RAW DATA:
○ ○ ○ ○

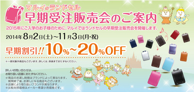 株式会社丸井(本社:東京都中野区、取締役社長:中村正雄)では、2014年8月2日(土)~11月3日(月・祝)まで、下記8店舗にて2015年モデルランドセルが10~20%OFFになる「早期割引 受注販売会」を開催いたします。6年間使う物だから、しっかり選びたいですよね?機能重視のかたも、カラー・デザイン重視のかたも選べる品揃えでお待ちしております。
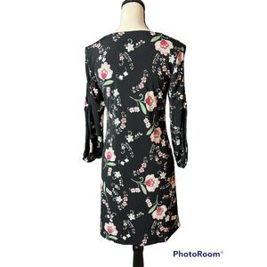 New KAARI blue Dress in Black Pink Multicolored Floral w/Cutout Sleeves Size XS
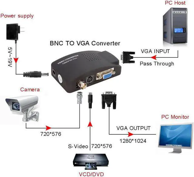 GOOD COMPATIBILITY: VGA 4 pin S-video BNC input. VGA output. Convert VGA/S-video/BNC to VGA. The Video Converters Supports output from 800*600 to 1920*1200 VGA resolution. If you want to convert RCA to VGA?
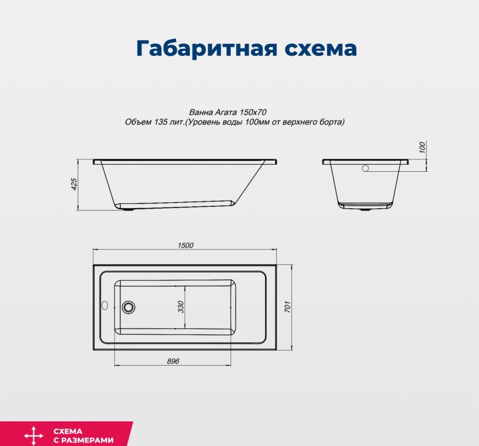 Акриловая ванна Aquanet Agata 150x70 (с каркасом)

○ ○ ○ ○

EXERCISE REQUIREMENTS: Set down the whole listing exactly as given, except for the pictures.

EXPECTED ANSWER:
 株式会社丸井(本社:東京都中野区、取締役社長:中村正雄)では、2014年8月2日(土)~11月3日(月・祝)まで、下記8店舗にて2015年モデルランドセルが10~20%OFFになる「早期割引 受注販売会」を開催いたします。6年間使う物だから、しっかり選びたいですよね?機能重視のかたも、カラー・デザイン重視のかたも選べる品揃えでお待ちしております。
 New KAARI blue Dress in Black Pink Multicolored Floral w/Cutout Sleeves Size XS
 GOOD COMPATIBILITY: VGA 4 pin S-video BNC input. VGA output. Convert VGA/S-video/BNC to VGA. The Video Converters Supports output from 800*600 to 1920*1200 VGA resolution. If you want to convert RCA to VGA?
 Акриловая ванна Aquanet Agata 150x70 (с каркасом)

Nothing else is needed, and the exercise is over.